How good destroying it feels is a product of your marvelous intelligence, if not, perhaps, an intended one.

Then there are more dogs. In their number, they scratch and claw and bite you, each hurt a warning your ghost removes, but sometimes not quite fast enough. It screams at you to flee, Guardian, you do not have your life, you cannot die like this. It will not let you die like this.

You ignore it even as the pain worsens and the red returns to your sight.

Then, they are all dead, and your ghost no longer screams at you and you are kneeling in the snow, strength returning to your limbs but not enough strength. Not the strength you are used to.

If you were human you would cry and taste salt in your mouth, but tears do not come to you. Only silence.

“Guardian,” your ghost says, “if you die, I cannot bring you back.”

It wants to warn you in its repetition. Perhaps, it thinks, if I tell my Guardian enough times he will finally listen, and run away.

“I am a Titan,” you say. Your voice is a surprise to you. “We do not run away.”

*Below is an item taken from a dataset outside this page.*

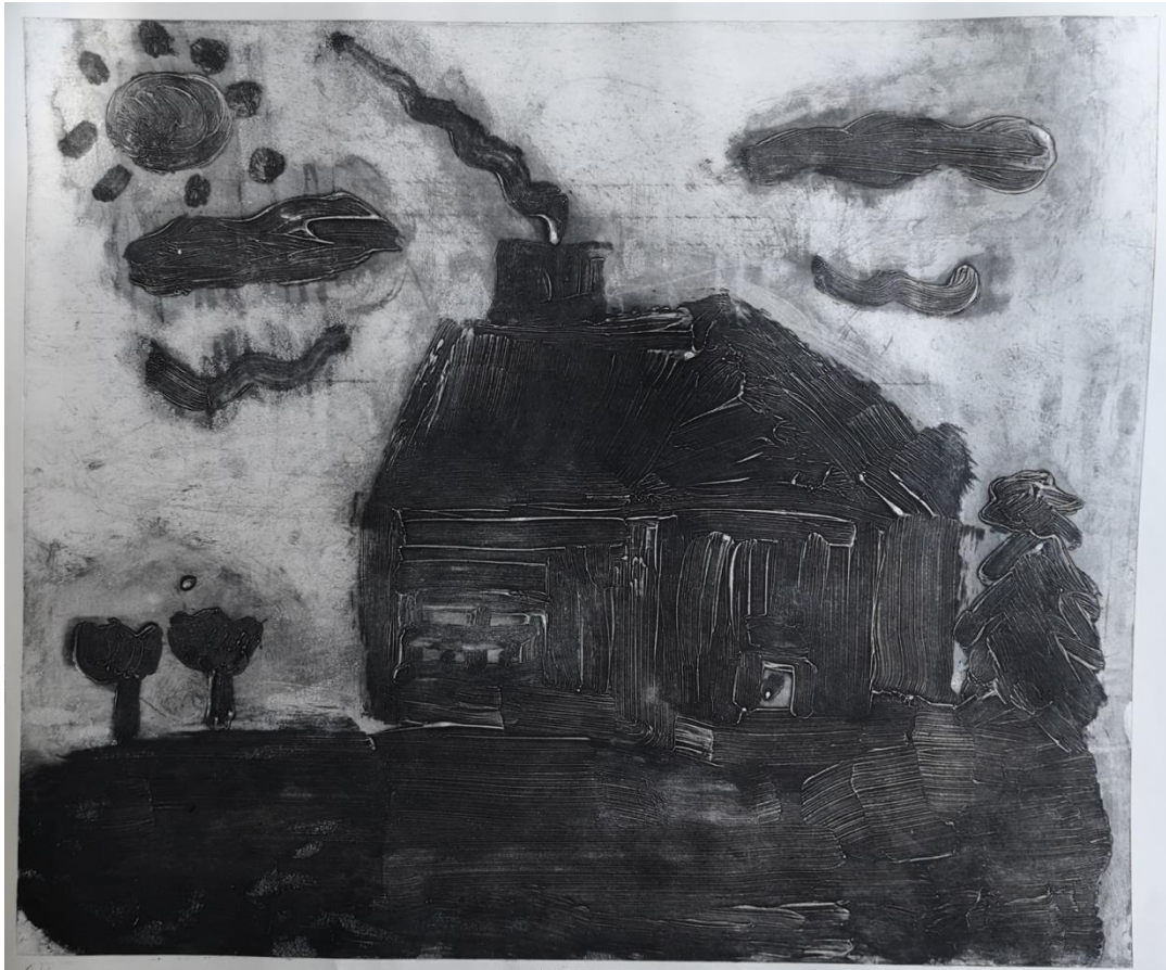
LIITE 4. Hyvä koti, 2019, Carborundum, 1/1

“That’s all well and good,” it says, “and I do admire that, but you’re not going to be anything, much less a Titan, for much longer if you let yourself get mauled to death by dogs.” It paused in the air just in front of your face. “I hope you feel better though, you did kill so many.”

You find a gun later beneath a rock, near the corpse of a Legionarie. You did not kill that one. You wonder if it was turned on by its fellows.

The gun is empty, but it is something other than your fists. And you can still run, and scramble, and jump, if not as high as with the Light behind you. But you remember crushing their heads with your fists, and you know that you are not as powerless as Ghaul wants you to be.